If your parents, grandparents, or siblings have had high cholesterol or experienced a heart attack or stroke at an early age (before 55 for men, 65 for women), your own risk is substantially increased. This is because you may have inherited genes that affect how your body produces and clears cholesterol from the blood.
A specific genetic disorder called Familial Hypercholesterolemia (FH) causes very high levels of LDL cholesterol from birth. People with FH can have LDL levels two to four times higher than the general population. Without early diagnosis and aggressive treatment, they are at an extremely high risk of developing heart disease in their 20s, 30s, or 40s.

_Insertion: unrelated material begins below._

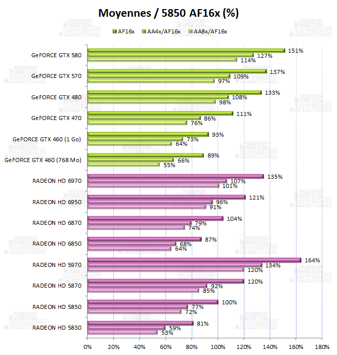 Même si le résultat de chaque test est plus important et judicieux qu'une moyenne globale, cette dernière permet toutefois en un coup d'oeil d'établir une hiérarchie. Voyons donc comment se comportent les nouvelles égéries d'AMD, nous avons pour cela réalisé des moyennes pondérées de chaque jeu et exprimé les résultats en % par rapport au niveau de performance atteint par la HD 5850 en AF16x, ceci sous tous les jeux puis exclusivement ceux utilisant DX11.
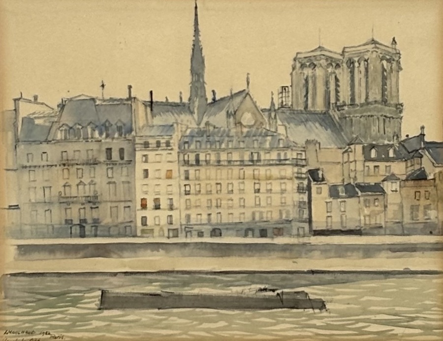 230. Aquarel, L. Marchand – Île de la Cité Parijs, 1954

However, even if you don’t have a specific disorder like FH, genetics can still play a powerful role. Certain gene variations can lead to the ‘atherogenic dyslipidaemia’ pattern—a combination of high triglycerides and low HDL—which is a major risk factor for early coronary disease.
This is why it’s so important to share your family health history with your doctor. It provides crucial context for your own cholesterol numbers and can prompt earlier and more frequent screenings. While you can’t change your genes, knowing you have a genetic risk empowers you to be extra vigilant with lifestyle choices and medical management to overcome your inherited predisposition.